About this exercise:
Retype only the lines below from the one with "氯化钾缓释片 | 0.5gx12片/板x24片 | 241114 | 查看详情 |" to the one with "エルメス カレ90 Pasementerie", inclusive, skipping every image.
(Given material)
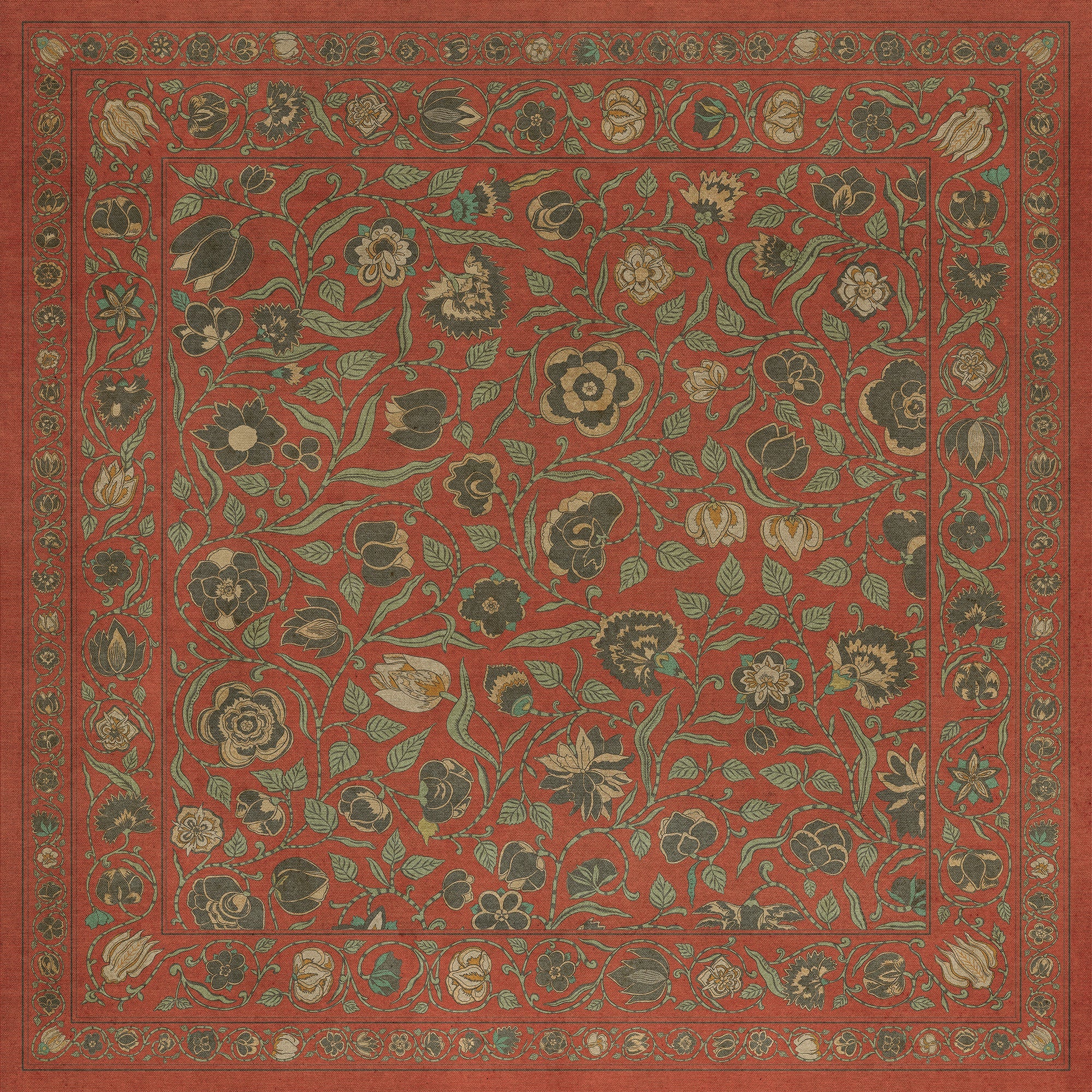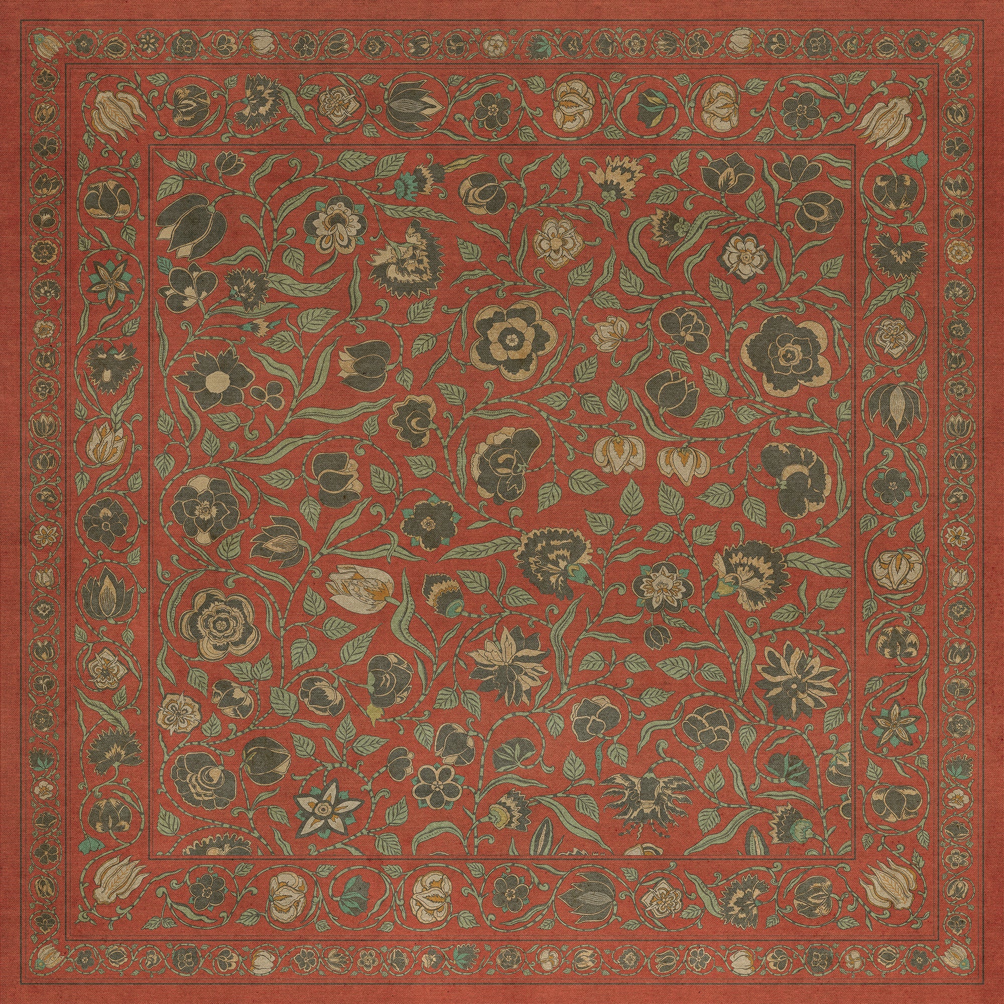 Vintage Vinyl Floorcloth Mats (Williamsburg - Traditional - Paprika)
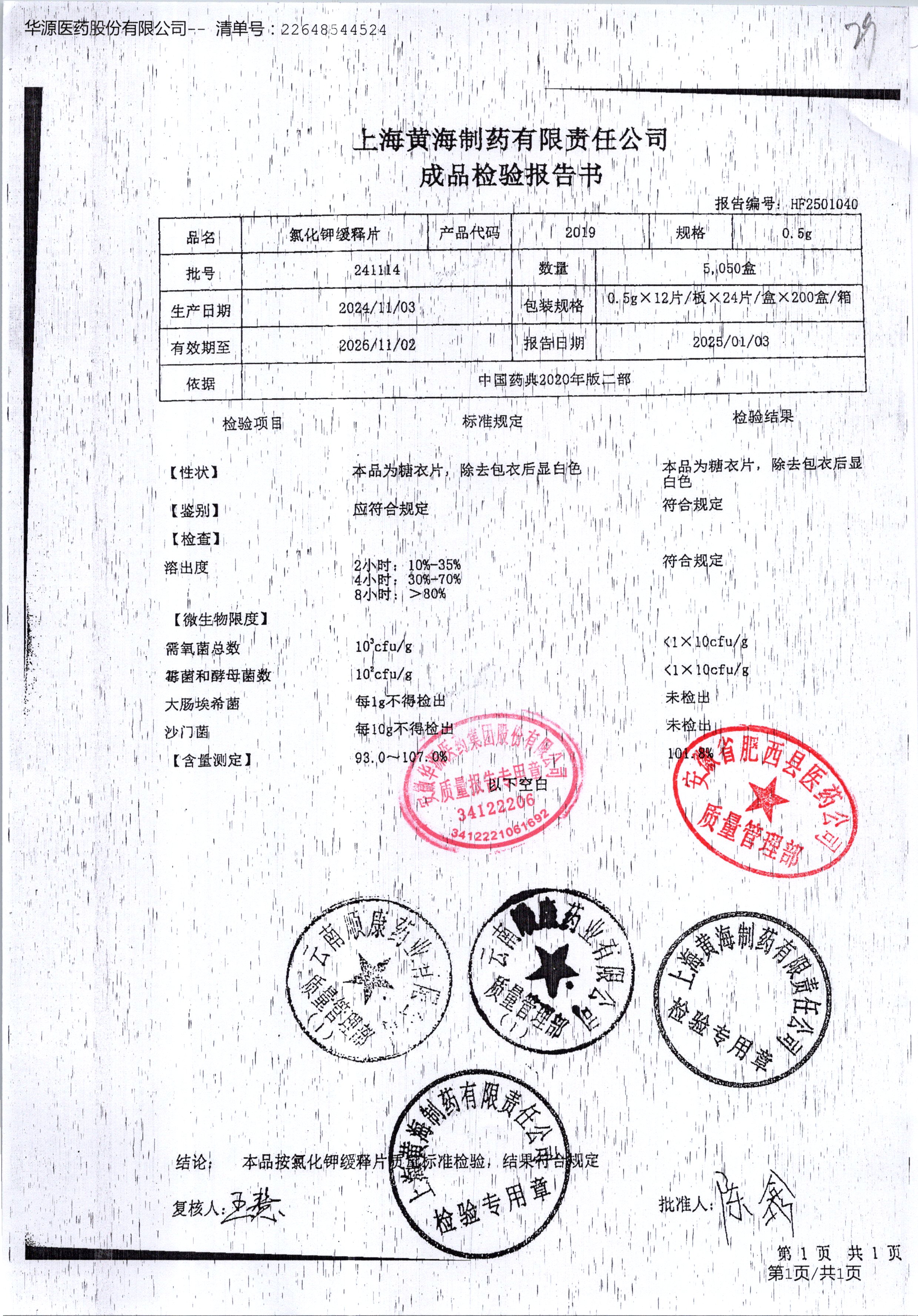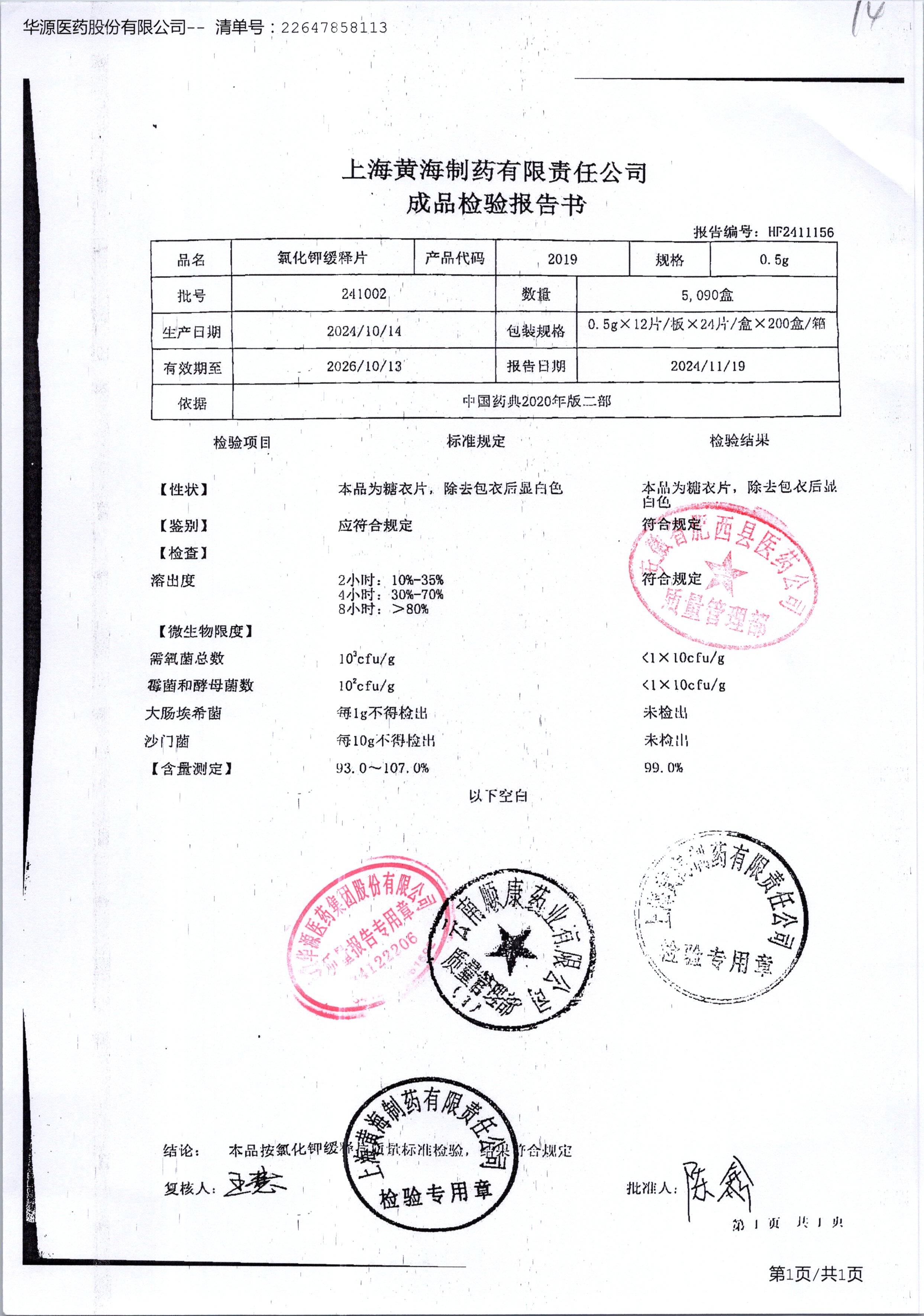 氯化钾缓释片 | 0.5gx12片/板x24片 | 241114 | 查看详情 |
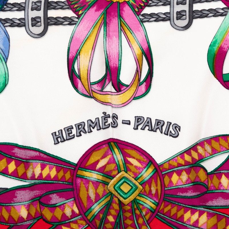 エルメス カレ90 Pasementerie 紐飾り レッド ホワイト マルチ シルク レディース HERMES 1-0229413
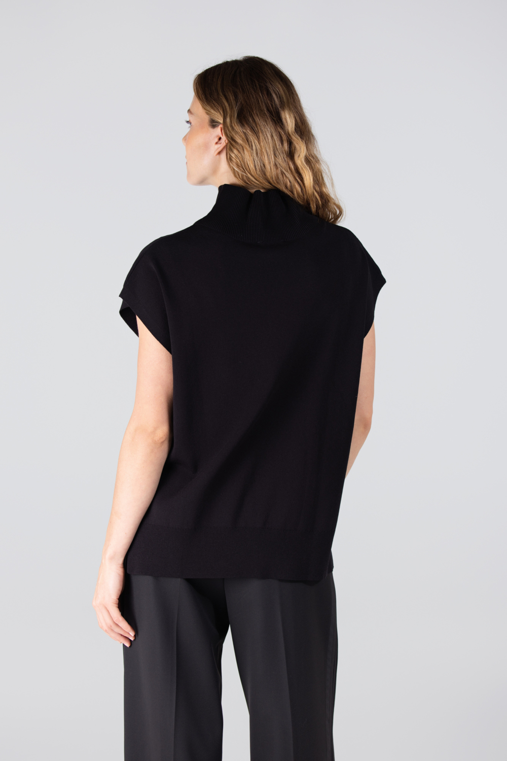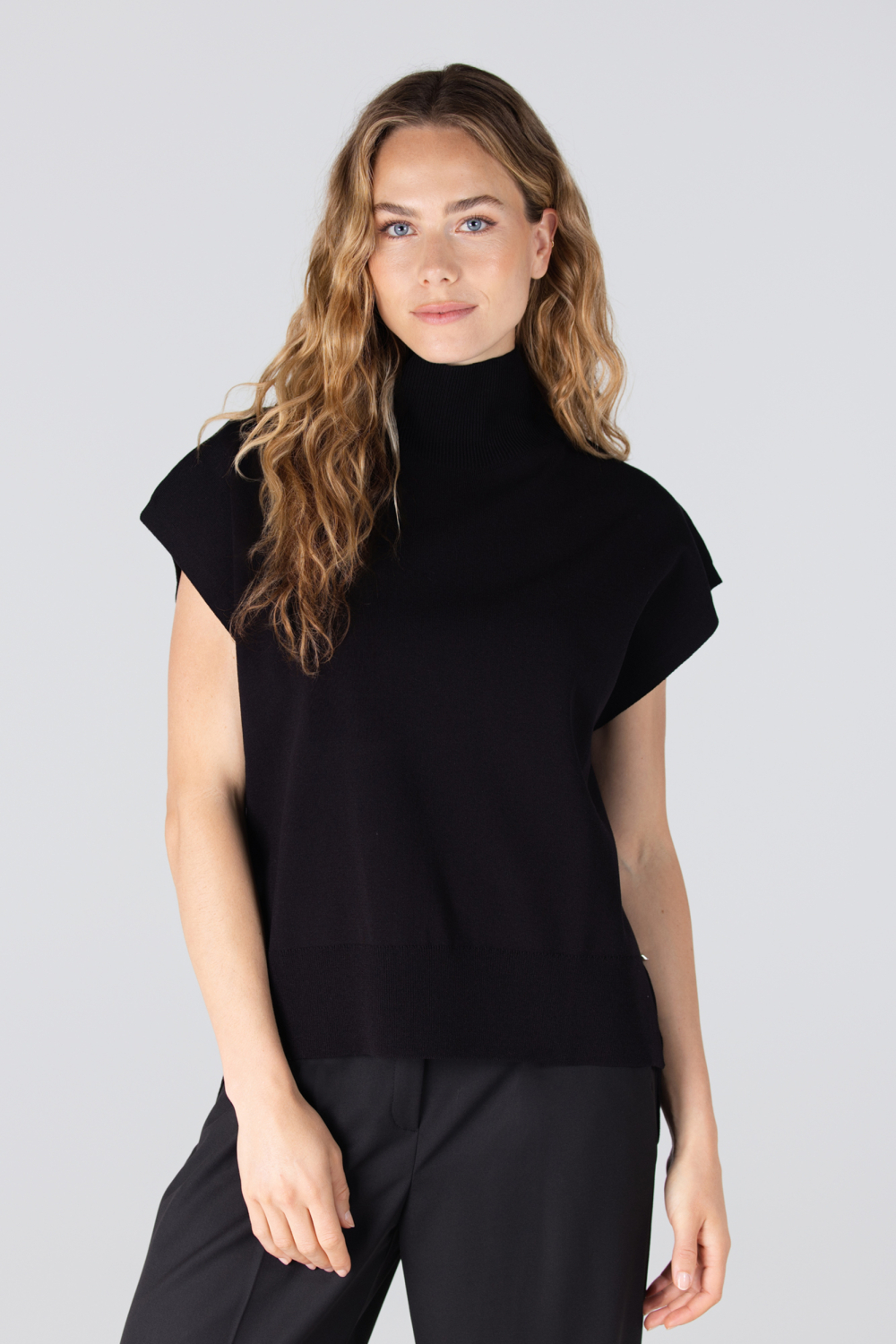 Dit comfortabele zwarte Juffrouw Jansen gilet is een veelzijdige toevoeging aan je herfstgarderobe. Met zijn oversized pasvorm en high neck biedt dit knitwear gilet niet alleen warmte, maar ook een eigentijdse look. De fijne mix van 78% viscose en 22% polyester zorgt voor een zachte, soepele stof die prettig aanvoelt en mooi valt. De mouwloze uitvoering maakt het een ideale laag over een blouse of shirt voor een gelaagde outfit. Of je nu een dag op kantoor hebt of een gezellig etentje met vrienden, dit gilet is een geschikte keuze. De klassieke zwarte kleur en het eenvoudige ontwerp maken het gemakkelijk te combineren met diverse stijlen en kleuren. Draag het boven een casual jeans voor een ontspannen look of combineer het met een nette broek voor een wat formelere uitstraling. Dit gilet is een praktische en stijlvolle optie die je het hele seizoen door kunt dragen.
(End Given material)
Output for this task:
 氯化钾缓释片 | 0.5gx12片/板x24片 | 241114 | 查看详情 |
 エルメス カレ90 Pasementerie 紐飾り レッド ホワイト マルチ シルク レディース HERMES 1-0229413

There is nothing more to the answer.